John Loughlan

Personal information
- Full name: John Loughlan
- Date of birth: 12 June 1943 (age 82)
- Place of birth: Coatbridge, Scotland
- Position(s): Left back

Senior career*
- Years: Team / Apps / (Gls)
- 1961–1964: Leicester City / 0 / (0)
- 1964–1968: Greenock Morton / 83 / (1)
- 1968–1972: Crystal Palace / 60 / (0)
- 1972: → Wrexham (loan) / 5 / (0)
- 1972–1974: Wimbledon / 75 / (1)
- 1974–1976: Kettering Town / ? / (?)
- Total:  / 223 + / (2 +)

Managerial career
- 1977–1978: Corby Town

= John Loughlan =

Scottish footballer

John Loughlan (born 12 June 1943 in Coatbridge, Scotland) is a Scottish former professional footballer who played in the Football League and Scottish League as a left back for Leicester City, Greenock Morton, Crystal Palace and Wrexham. He also played non-league football for Wimbledon and Kettering Town.

== Playing career ==
He began his career at Leicester City in 1961, but did not make a senior appearance and in 1964 signed for Greenock Morton. He made 83 appearances for Morton scoring once before signing for Crystal Palace on 26 September 1968. His debut came on 5 October, in a 1–1 home draw against Sheffield United, and by the end of the season (in which Palace reached the top tier for the first time), Loughlan had made 29 appearances, missing only two games, but without scoring. In season 1969–70, in the top flight, Loughlan made 26 appearances, but in the following two seasons made only a total of five appearances (two of them as substitute).
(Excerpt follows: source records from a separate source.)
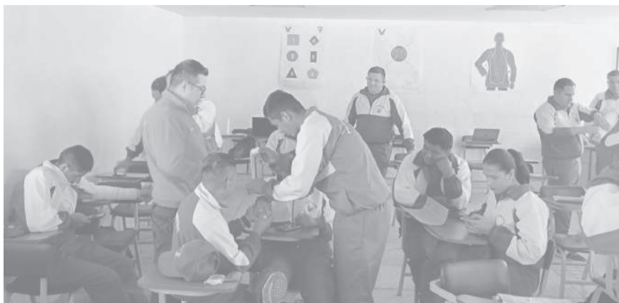
■ Bomberos capacitan a policías en el barrio 'Tres de Mayo'.

Como parte de este proceso de capacitación, el personal del cuerpo de bomberos de Pujilí imparte una serie de módulos especializados relacionados
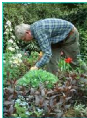
im Garten arbeiten pracaować w ogrodzie
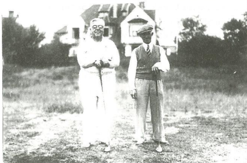
Tussen beide oorlogen waren de voorname gasten van het Zoute ook op de golflinks.- BOVEN: Leopold III voor een wedstrijd op 2 juli 1939.- ONDER: de Aga Khan, "rijkste man ter wereld" en die zijn villa bij de Boslaan had, hield in 1934 eveneens van een partijtje golf.
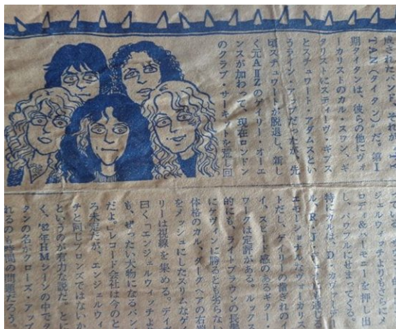
Un aficionado de Japón me envió esta caricatura
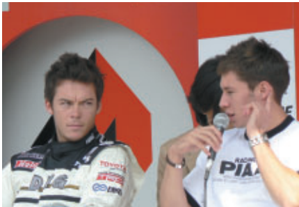
デュバル選手とA.ロッテラー選手が 決勝へ向けての豊富を語りました
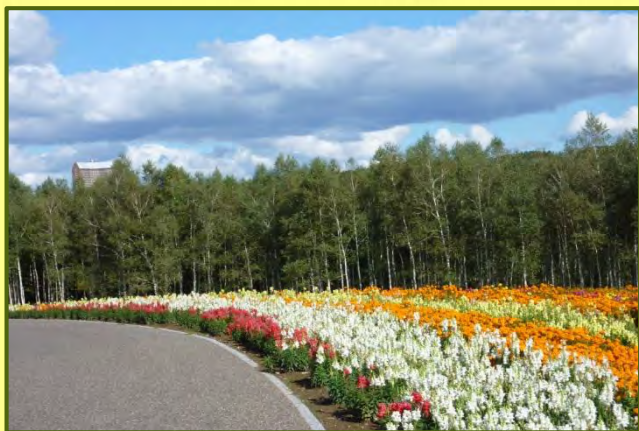
自然いっぱいの公園です！

道の駅の裏手にある「ルスツふるさと公園」には、季節の花を集めた広大な「フラワー園」、「デイキャンプ場」、遊具を備えた「わんぱく広場」があり、楽しめます♪

In March 1972, Loughlan signed on loan with Wrexham. At the end of his loan spell he did not return to Palace, but signed instead for Wimbledon (at that time a non-league team) for whom he made 75 appearances before moving on to Kettering Town in 1974, where he finished his career.

== Managerial career ==
After retiring as a player, Loughlan managed Corby Town.